───── WORKING DATA ─────
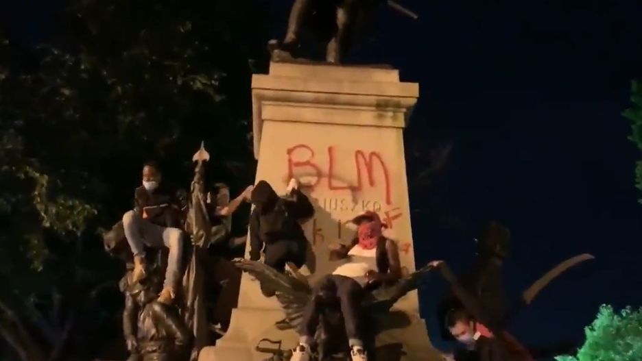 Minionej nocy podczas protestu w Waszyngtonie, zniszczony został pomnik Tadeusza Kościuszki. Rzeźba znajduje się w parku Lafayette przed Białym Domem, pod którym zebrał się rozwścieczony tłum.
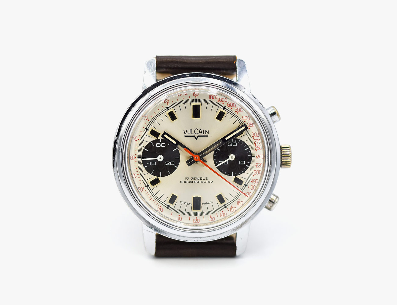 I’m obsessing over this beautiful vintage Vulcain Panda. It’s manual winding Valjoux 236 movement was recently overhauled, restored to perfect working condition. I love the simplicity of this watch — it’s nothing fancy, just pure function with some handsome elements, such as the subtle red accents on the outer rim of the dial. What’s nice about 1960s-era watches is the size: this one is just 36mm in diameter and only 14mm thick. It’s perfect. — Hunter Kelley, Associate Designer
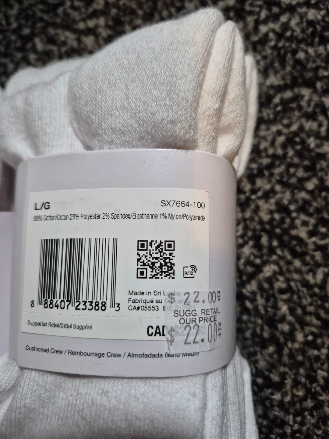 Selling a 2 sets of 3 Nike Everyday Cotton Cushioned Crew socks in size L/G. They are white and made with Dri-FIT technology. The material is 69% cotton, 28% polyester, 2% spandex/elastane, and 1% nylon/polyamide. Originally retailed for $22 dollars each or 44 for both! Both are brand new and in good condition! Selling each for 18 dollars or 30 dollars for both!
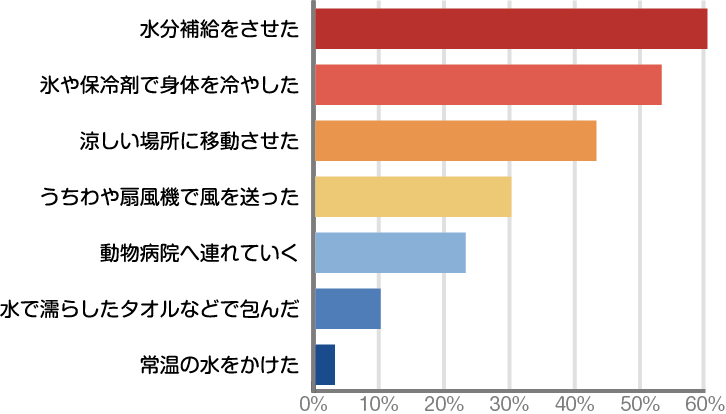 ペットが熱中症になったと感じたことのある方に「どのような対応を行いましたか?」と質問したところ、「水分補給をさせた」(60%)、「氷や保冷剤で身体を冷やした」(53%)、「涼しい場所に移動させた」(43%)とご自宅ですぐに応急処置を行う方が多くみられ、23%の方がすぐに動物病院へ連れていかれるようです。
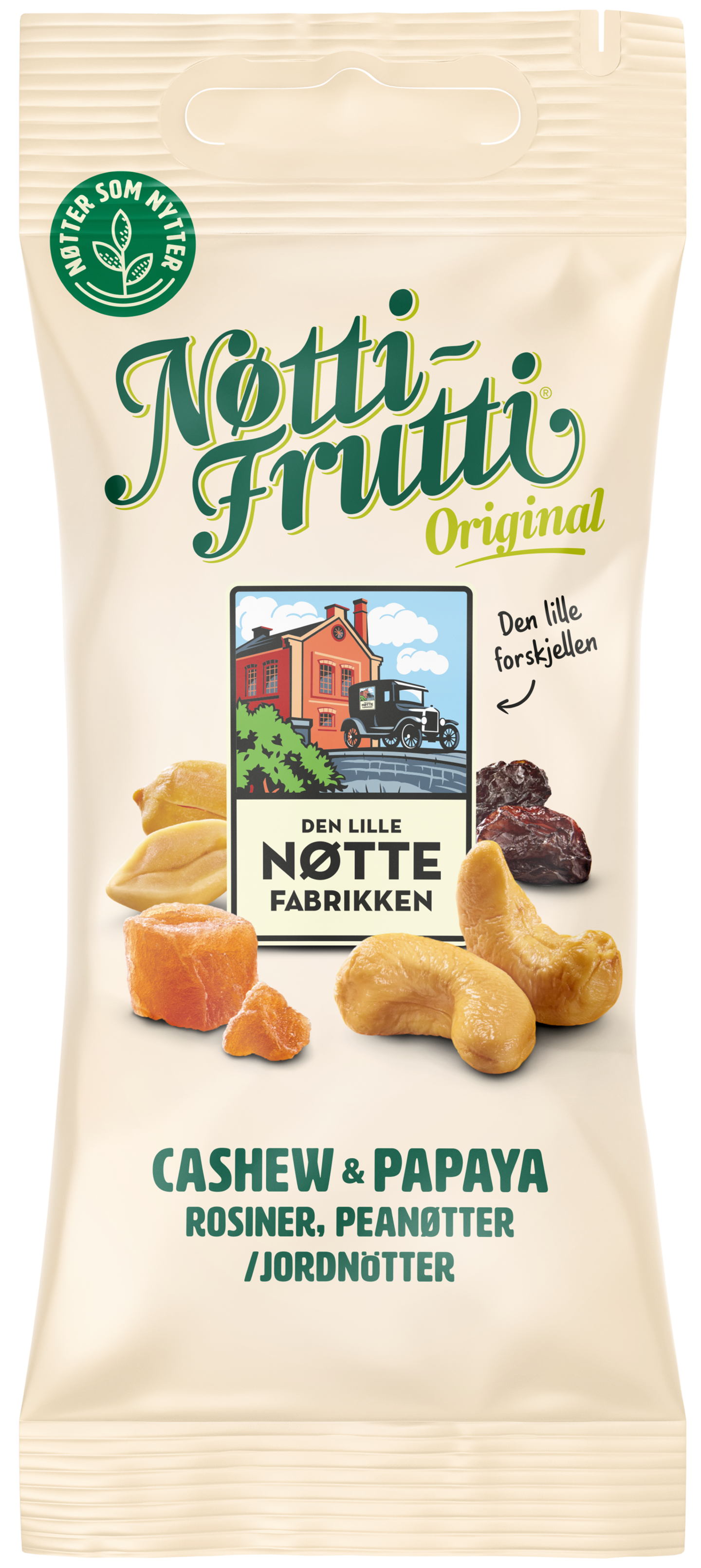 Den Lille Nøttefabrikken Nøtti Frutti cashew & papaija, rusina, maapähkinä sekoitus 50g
─────
# [TASK DETAILS]
Although the records include pictures, output only their text, exactly and completely.

# [WORKED SOLUTION]
 Minionej nocy podczas protestu w Waszyngtonie, zniszczony został pomnik Tadeusza Kościuszki. Rzeźba znajduje się w parku Lafayette przed Białym Domem, pod którym zebrał się rozwścieczony tłum.
 I’m obsessing over this beautiful vintage Vulcain Panda. It’s manual winding Valjoux 236 movement was recently overhauled, restored to perfect working condition. I love the simplicity of this watch — it’s nothing fancy, just pure function with some handsome elements, such as the subtle red accents on the outer rim of the dial. What’s nice about 1960s-era watches is the size: this one is just 36mm in diameter and only 14mm thick. It’s perfect. — Hunter Kelley, Associate Designer
 Selling a 2 sets of 3 Nike Everyday Cotton Cushioned Crew socks in size L/G. They are white and made with Dri-FIT technology. The material is 69% cotton, 28% polyester, 2% spandex/elastane, and 1% nylon/polyamide. Originally retailed for $22 dollars each or 44 for both! Both are brand new and in good condition! Selling each for 18 dollars or 30 dollars for both!
 ペットが熱中症になったと感じたことのある方に「どのような対応を行いましたか?」と質問したところ、「水分補給をさせた」(60%)、「氷や保冷剤で身体を冷やした」(53%)、「涼しい場所に移動させた」(43%)とご自宅ですぐに応急処置を行う方が多くみられ、23%の方がすぐに動物病院へ連れていかれるようです。
 Den Lille Nøttefabrikken Nøtti Frutti cashew & papaija, rusina, maapähkinä sekoitus 50g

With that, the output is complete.